La domanda - che è più di una domanda storiografica - affiora già da tempo non solo tra gli studiosi, ma anche presso tutti coloro che non amano fermarsi ai «sentito dire», compreso quelli riportati da alcuni frettolosi o interessati manuali scolastici: cosa c’entra esattamente l’antisemitismo con l’anima del popolo italiano? L’interrogativo - sebbene sia di quelli «a volo d’aquila», che meriterebbero fin da subito ulteriori distinzioni e approfondimenti - ha la sua ragion d’essere: sempre più storici, infatti, stanno indagando su come la cultura italiana non sia mai stata, neppure in epoca mussoliniana, organicamente antisemita, quanto piuttosto «facilona» e predisposta, per pigrizia morale o per convenienza, a «fare gregge» dietro a leggi come quelle razziali, lontane dalla sua vera indole. Tra questi studiosi, c’è Marie-Anne Matard-Bonucci, professoressa di Storia all’Università di Grenoble II, che nel suo L’Italia e la persecuzione degli ebrei (il Mulino, pagg.530, euro 29) ripercorre non «la storia, ormai studiata bene, delle condizioni degli ebrei della penisola durante quegli anni bui, quanto la natura e la funzione dell’antisemitismo di stato nel quadro di un regime totalitario».

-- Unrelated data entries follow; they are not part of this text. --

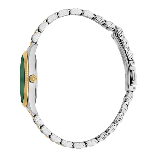 Umarmen Sie die lebendige Eleganz der Just Cavalli Pacentro, ausgestattet mit einem runden Gehäuse aus Gelbgold und einem flaschengrünen Zifferblatt. Diese atemberaubende Uhr mit ihrem Edelstahlarmband und der Butterfly-Faltschließe ist für diejenigen gefertigt, die mutigen Stil und Raffinesse schätzen.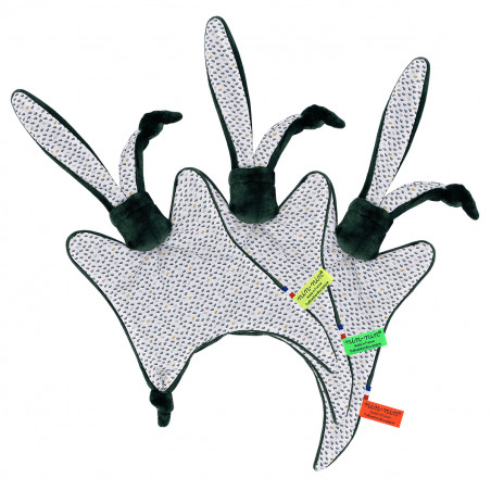 Este doudou se compone de dos tipos de tejidos: un lado ultra suave que tranquiliza y calma y un lado de algodón estampado. Sus extremos muy finos son extremadamente fáciles de agarrar y manipular para las manos muy pequeñas de recién nacidos .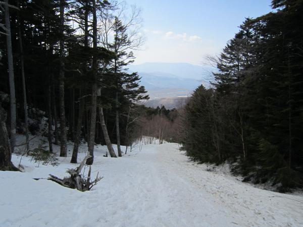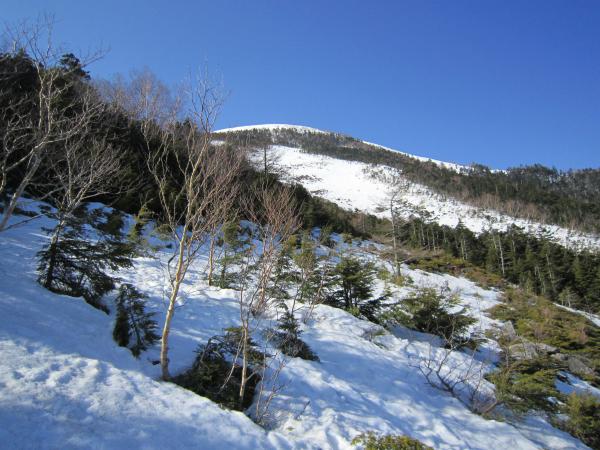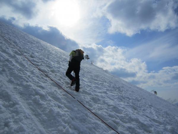 勾配がきつくなりアイゼン装着、雪を踏みしめて登っていくと、すれ違う下山者が雪を滑り台にして楽しそうに滑り降りていく姿を目撃。楽しそうにだけどお尻痛そう!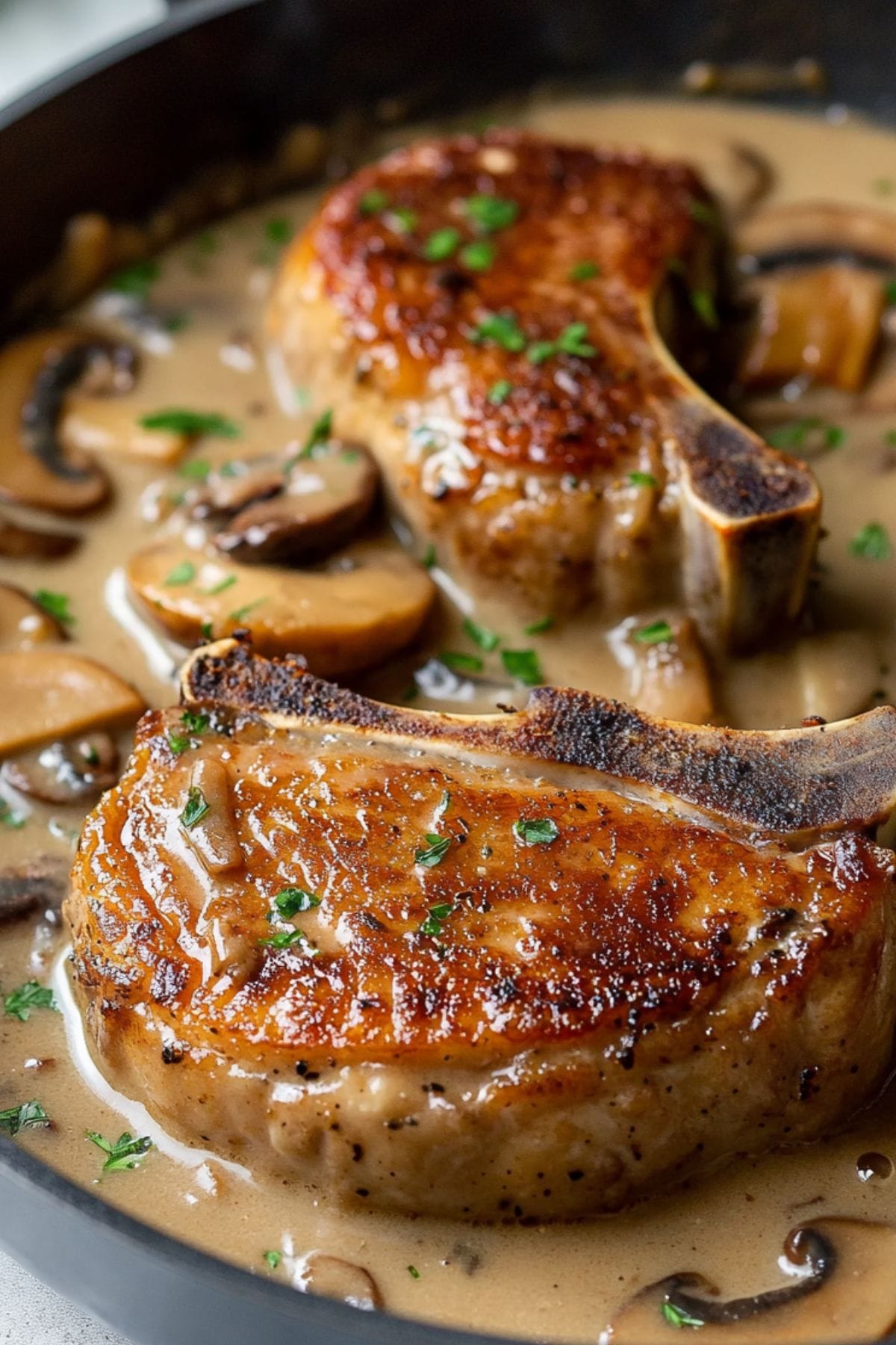 For a lighter version, use boneless pork chops and skip the cream. You can also add veggies like bell peppers or spinach to the gravy.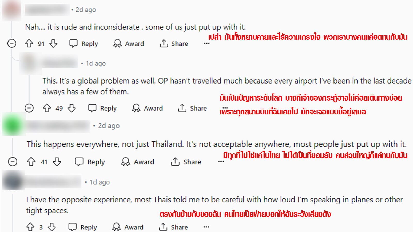 โดยมีชาวเน็ตรายหนึ่งให้ความเห็นว่า คนไทยอดทนเก่งและสามารถทนต่อเสียงรบกวนได้สูง พร้อมยกตัวอย่างครอบครัวของภรรยา ภายในห้องมีคนอยู่หลายคน โดย 3 คนกำลังนอน มี 2 คนนั่งคุยเสียงดัง และอีก 2 คนเล่นโทรศัพท์เสียงดัง นอกจากนี้คนไทยยังมีความสามารถเหนือมนุษย์ สามารถหลับได้ทุกที่และรวดเร็ว เขาจึงคิดว่าความสามารถเหล่านี้มาพร้อมกับความสามารถในการเมินเฉยต่อเสียง

Già, antisemitismo di stato. L’espressione è piuttosto forte, ed è la chiave di volta del saggio della Matard-Bonucci, che si chiede: come è stato possibile organizzare e portare a termine lo sterminio di un quarto degli ebrei della penisola, dalla metà degli anni Trenta alla fine della guerra (7.658 morti su una comunità di 35.200), quando solo un decennio prima un massacro simile era del tutto inimmaginabile nelle coscienze degli italiani? Se infatti la Francia aveva avuto il caso Dreyfus, la Russia, l’Ungheria e la Polonia i loro pogrom, e se in Austria l’antisemitismo faceva parte della tradizione nazionale, in Italia le cose stavano in modo diverso. Il partito fascista era intrinsecamente violento e fanatico, ma non aveva in origine tratti antisemiti: li assunse solo per una serie di ragioni che la studiosa francese ripercorre nel dettaglio: tra tutte, quella di un’«esigenza politica interna, che rispondesse ai bisogni congiunturali e strutturali di un regime votato alla mobilitazione permanente in un periodo in cui l’ideale dell’uomo nuovo sembrava difficile da raggiungere».

In pratica, fu pianificato un vero e proprio «transfert culturale»: con lo stato fascista che prendeva a prestito le parole e le idee dell’alleato dell’Asse, sforzandosi di nazionalizzare l’ideologia antisemita con l’aiuto di intellettuali e mezzi di informazione, che crearono «ad arte» un dibattito su una questione fino allora marginale: quella della razza. La diligente assenza di proteste sociali portò alla luce un tratto del carattere italiano forse più reale di quello antisemita: il conformismo.